University of Southern California

Sherry Bebitch Jeffe

In addition to publishing opinion pieces in leading newspapers, Jeffe frequently appears on radio and television news programs to discuss the day's most pressing political stories, including the recent presidential election and the California gubernatorial recall campaign.

She also teaches in the USC School of Policy, Planning, and Development, a role that she says is not so different from that of political analyst.

"Political analysis in the media is like teaching in a very large classroom," Jeffe says. "You have to communicate complex policy issues in a way that the media and the public alike can understand. That's what I teach students to do."

Jeffe took a break from her teaching duties this fall to cover the presidential campaign as political analyst for KNBC news, but she returns to the classroom in spring 2005 to teach a class called "Communicating Public Policy."

She has long had a dual career as both political analyst and teacher. After graduating from Goucher College with a degree in political science, she taught sixth grade for a year before setting her sights once again on politics. While working toward a master's degree in political science from Rutgers University, she met and trained under Jesse Unruh, speaker of the California state assembly, who was spending a semester as politician-in-residence at the university's Eagleton Institute of Politics. When Unruh returned to California, he brought with him four students to be part of the newly established California legislative staff. Jeffe was one of them.
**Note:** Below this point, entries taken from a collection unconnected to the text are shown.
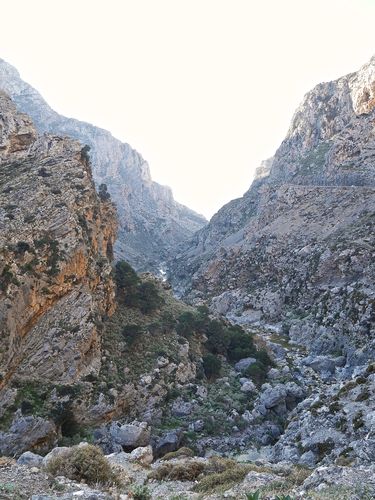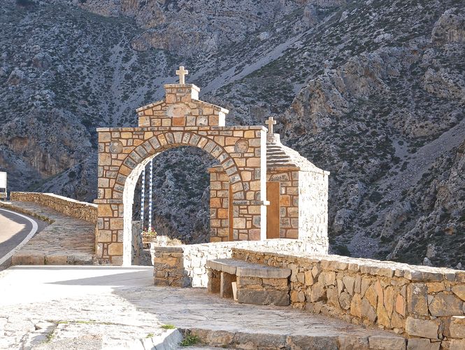 La Crète, plus grande île grecque avec une superficie de 8336 km2, est la cinquième île de Méditerranée, juste après la Corse. C'est le territoire le plus méridional d'Europe, mais aussi une île montagneuse qui culmine à 2456 mètres avec le mont Psiloritis, où je vous ai emmené avant hier. Ses paysages alternent ainsi entre montagnes, plateaux et plaines, mais comportent aussi des gorges, comme celles de Kourtaliotiko (en photo ci-dessous), que je traverse ce matin pour me rendre sur la côte sud de Réthymnon. C'est ma dernière journée dans la région et je souhaite faire un tour sur le littoral afin de voir à quoi ça ressemble. Les gorges sont également connues sous le nom des gorges d'Asomato, un petit village situé à quelques kilomètres de là, et sont, bien sûr, traversées par la rivière Kourtaliotiko. Un autre village, Koxare, se trouve, lui, à la fin de ces gorges. Pour les courageux, il est possible d'y descendre en empruntant l'arche d'entrée (deuxième photo) qui conduit plus bas à une église dédiée à Saint Nicolas et à une chute d'eau d'une quarantaine de mètres. Les falaises voisines servent aussi de lieu de nidification pour les vautours.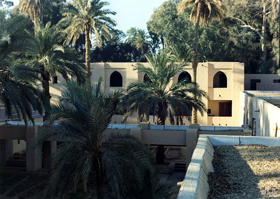 Nous arrivons à l’Hôtel El Bousten , magnifique réalisation de Fernand Pouillon dans la palmeraie .
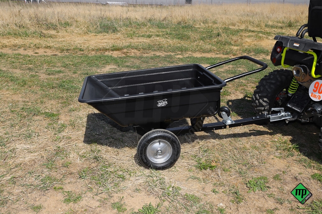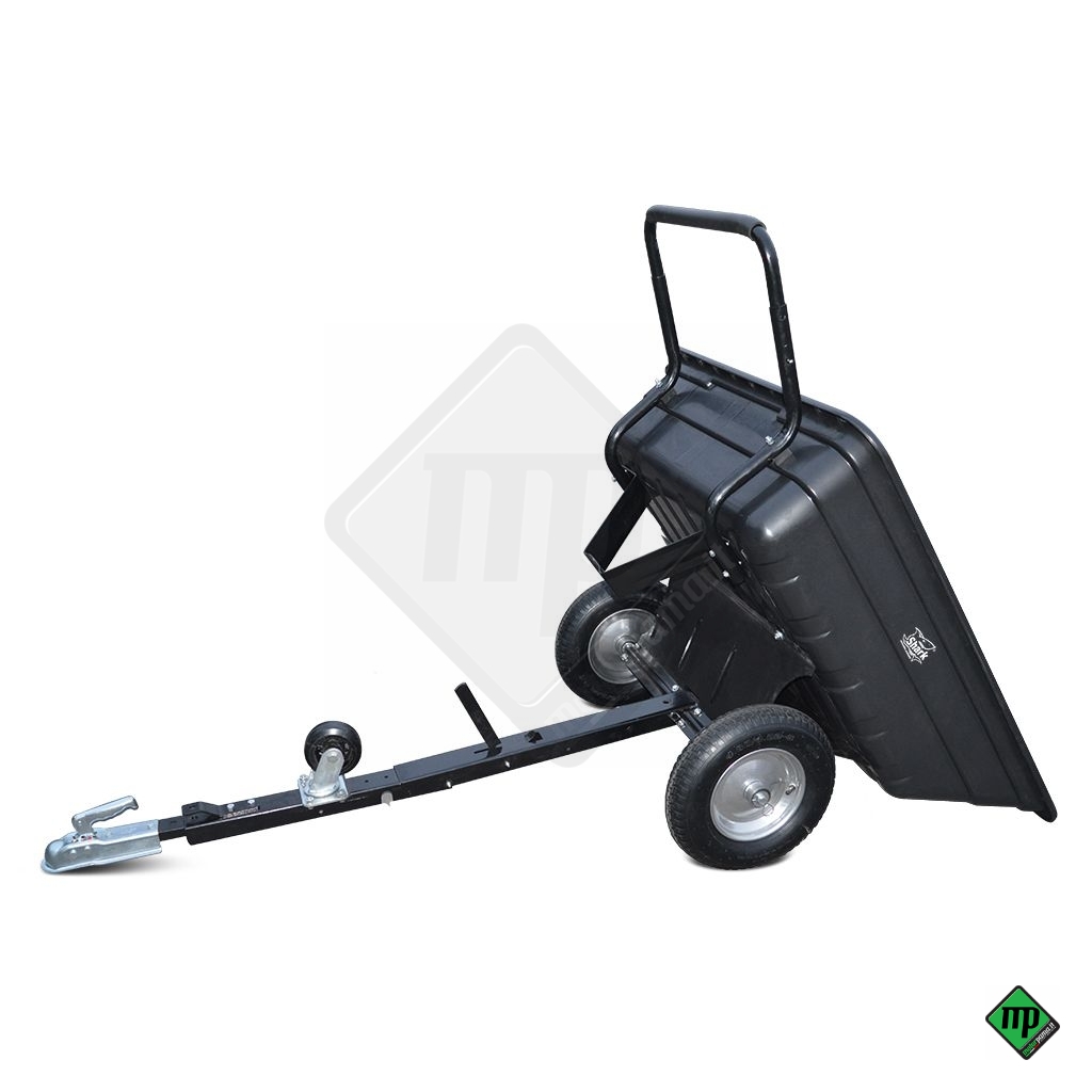 1) Il rimorchio veramente multifunzionale può essere trainato dietro l'ATV, il trattore da giardino o il trattorino con un dispositivo di accoppiamento ISO 50 standard.

"He was brilliant," she says.

Jeffe later earned a Ph.D. in government from Claremont Graduate University, and from the late 1980s to the late 1990s she taught at the university's School of Politics and Economics, having been recruited by then-SPE dean Dan Mazmanian, now SPPD's C. Erwin and Ione L. Piper Dean and Professor. She has also taught political science at Loyola Marymount University and Pitzer College.
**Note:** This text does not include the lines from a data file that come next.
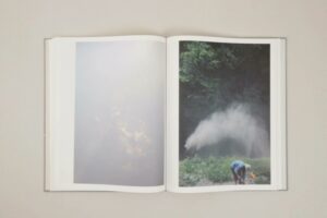 The artist captures her immediate environment and her family as well as more spectacular subjects. In this book, she presents a dialogue between images from Iceland and Japan, focusing mainly on water: clouds, rain, rainbows, ice, snow, torrents, mist… The book is constructed by playing with the idea of transparency, which is so dear to his heart. The images are printed on very fine Japanese paper and are gradually revealed. White pages, like silences, punctuate the sequences. The cover, meanwhile, is splattered with shards of silver that reflect the light.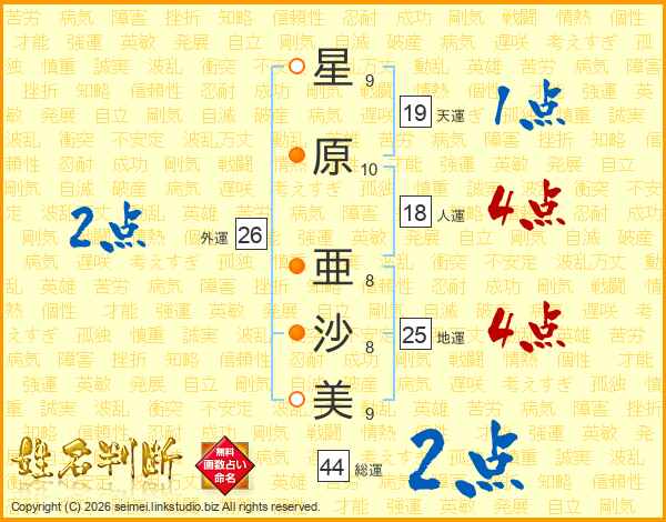 星原亜沙美さんの総運は44画の2点!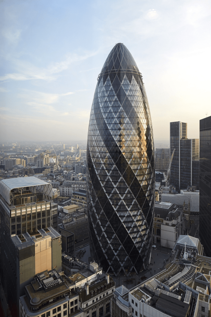 The Gherkin, London, 2003 (Foster and Partners) more closely resembles a pine cone than a gherkin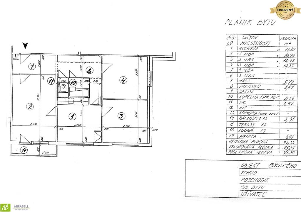 Výmera bytu je 81,81 m2. K bytu prislúcha aj zasklený balkón o výmere 3,31 m2.

About four years ago, while teaching at Claremont Graduate University, Jeffe received a phone call from Mazmanian.

"He said, 'Guess what, Sherry? There's a new school of policy, planning, and development, and I'm going to be its dean. We have to talk,'" she recalls. "I said, 'We don't have to talk. I'm there!'"

Jeffe says she sees no contradiction between her work as a political analyst and as a teacher. "The school understands the connection between theory and practice," she says. "There's a respect for those who are out there in the trenches, which is what we prepare our students to do--go out and work in the public policy trenches."